EDOT Browser initializes tracing and registers instrumentations that produce spans:

  • Spans for the initial document load and related navigation timing (document load instrumentation is turned on by default).
  • Each outgoing request using fetch or XMLHttpRequest is captured as an external.http span with attributes such as URL, HTTP method, and status code. These spans represent the client-side portion of the request.
  • Spans for user actions such as "click" and "submit". These interaction spans group the subsequent work (for example external.http requests) so you can attribute frontend and backend activity to a specific user action in Elastic Observability.
  • Spans for task executions that take longer than 50ms and might impact the user experience. For more information, refer to PerformanceLongTaskTiming.

When your backend is instrumented with OpenTelemetry and trace context (trace ID, span ID) is propagated in HTTP headers, the browser’s external.http span and the backend spans appear in the same trace, giving you end-to-end visibility in Discover and Service Maps. Refer to What to expect in Kibana for how these traces appear in the Observability app.
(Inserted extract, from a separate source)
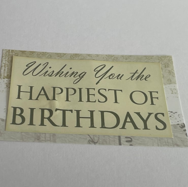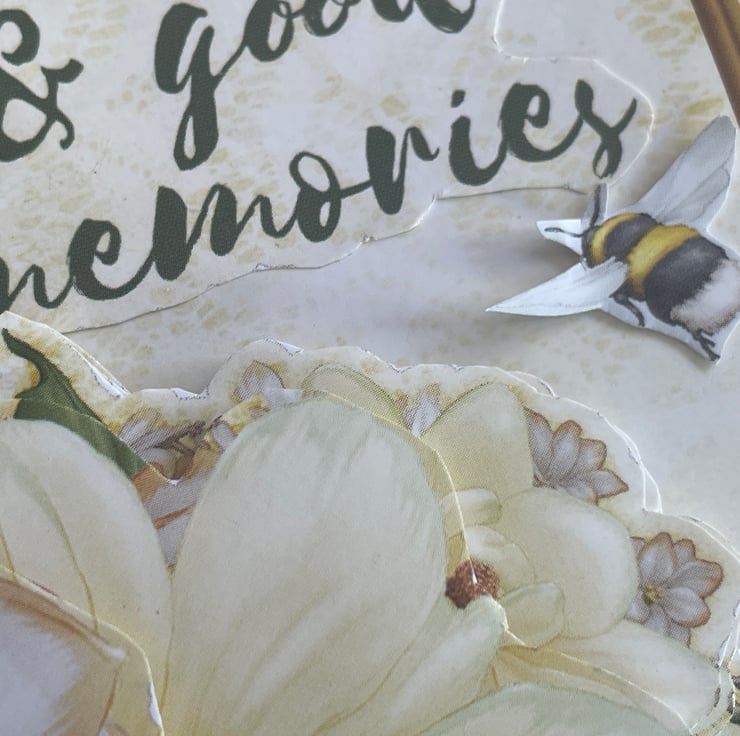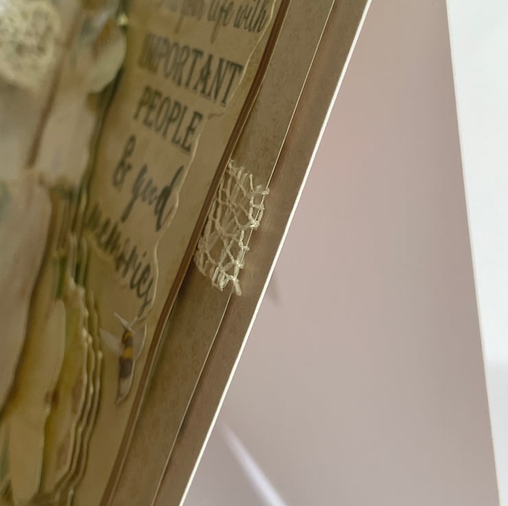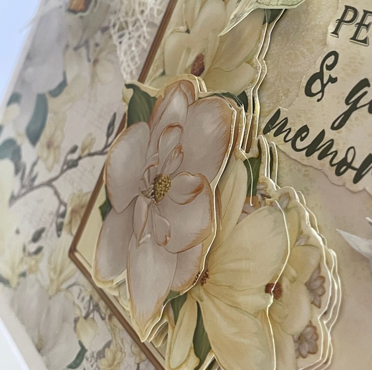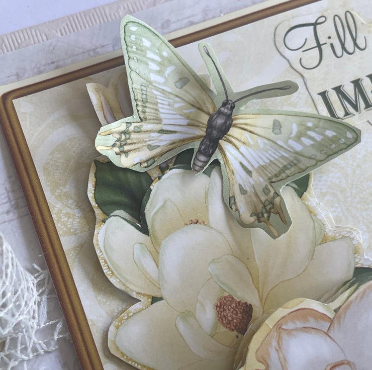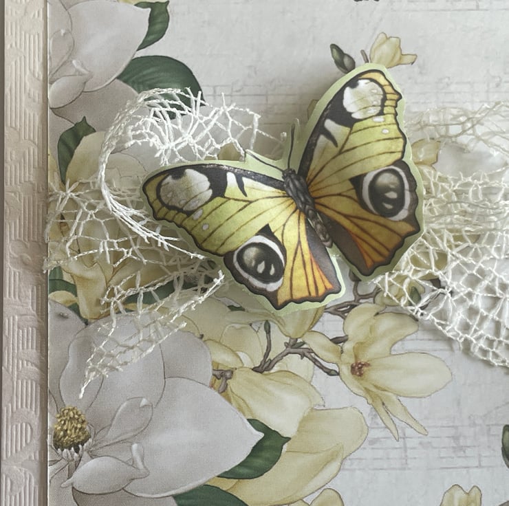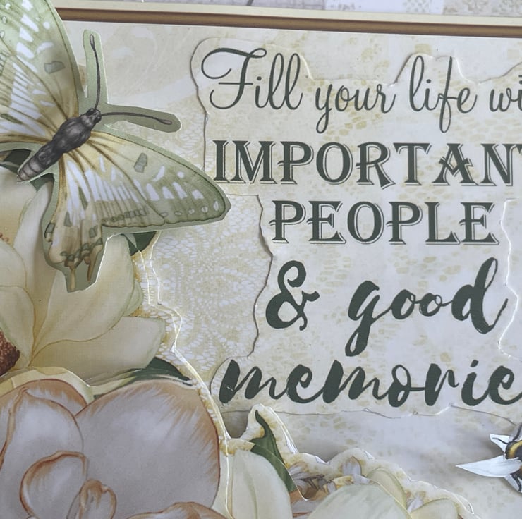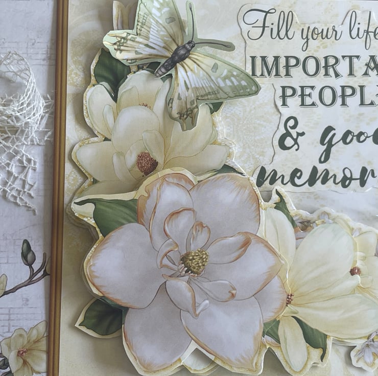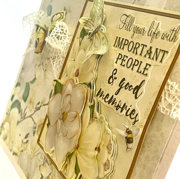 A beautiful floral card to celebrate a birthday. This A5 sized card is a riot of flowers. The background paper has a beautiful magnolia design enhanced with a printed lace border and pale green damask design. This is topped with some unique open weave ribbon and a bow and butterfly addition. The main design is another layered magnolia corner decoupage. This is enhanced with a butterfly and bumble bee. The greeting says Fill your life with important people and good memories. Inside the card has a matching greeting that says Wishing you the happiest of birthdays. The main card is a beautiful embossed cream scrolling leaf design in a cream pearl. A lovely way to say happy birthday.

  • Frontend-to-backend trace continuity depends on your backend and HTTP client propagating the W3C Trace Context headers. If propagation is not configured, browser and backend spans appear as separate traces.
  • Only requests that go through the instrumented fetch and XMLHttpRequest APIs are captured. Requests made by other mechanisms (for example some third-party scripts, WebSockets, or non-instrumented clients) do not produce spans unless you add custom instrumentation.
  • Sampling is applied in the browser. High traffic can lead to large trace volume, so configure sampling or export options appropriately.
  • Traces are tied to the page. Cross-tab or cross-origin flows might not form a single trace unless you implement custom context propagation.

Also current limitation of the Context Manager, and other implementations, is the unavailability of AsyncContext in browsers, which prevents the preservation of context when utilizing the async/await syntax. Should this situation arise, developers may use tools such as Babel to down-compile their code, transforming it into Promise-based code.

Note

Full feature parity with classic Elastic APM RUM agents for tracing (for example, certain automatic instrumentations or span types) is not available.

EDOT Browser supports the OpenTelemetry Logs API. When the LoggerProvider is configured and logs are exported using OTLP:

  • Application logs: Your application code can obtain a logger from the OpenTelemetry API and emit log records (severity, body, attributes). EDOT Browser exports these records to your configured endpoint on the /v1/logs path.
  • Resource and context: Log records are associated with the same resource (for example service name) and can optionally be linked to the active trace context, so you can correlate logs with traces in Elastic Observability.

There is no requirement to use logs. If you do not create log records or do not configure log export, no log data is sent.

  • Logs are buffered in the browser and sent on the export cycle. High log volume can increase memory use and export payload size, and might affect page performance. Prefer sampling or severity filtering for noisy logs.
  • As with metrics, logs reflect a single client session. You do not get centralized log aggregation in the browser, that happens in Elastic Observability after export.
  • Logs that are not exported before the user navigates away or closes the tab might be lost unless the SDK supports a reliable flush (for example on beforeunload). Be aware that some log data might not reach the backend in edge cases.
Note

Automatic capture of console methods (for example console.log, console.error) is not provided by EDOT Browser. To send logs to Elastic Observability, you must use the OpenTelemetry Logs API from your application code. Automatic console instrumentation might be considered in the future.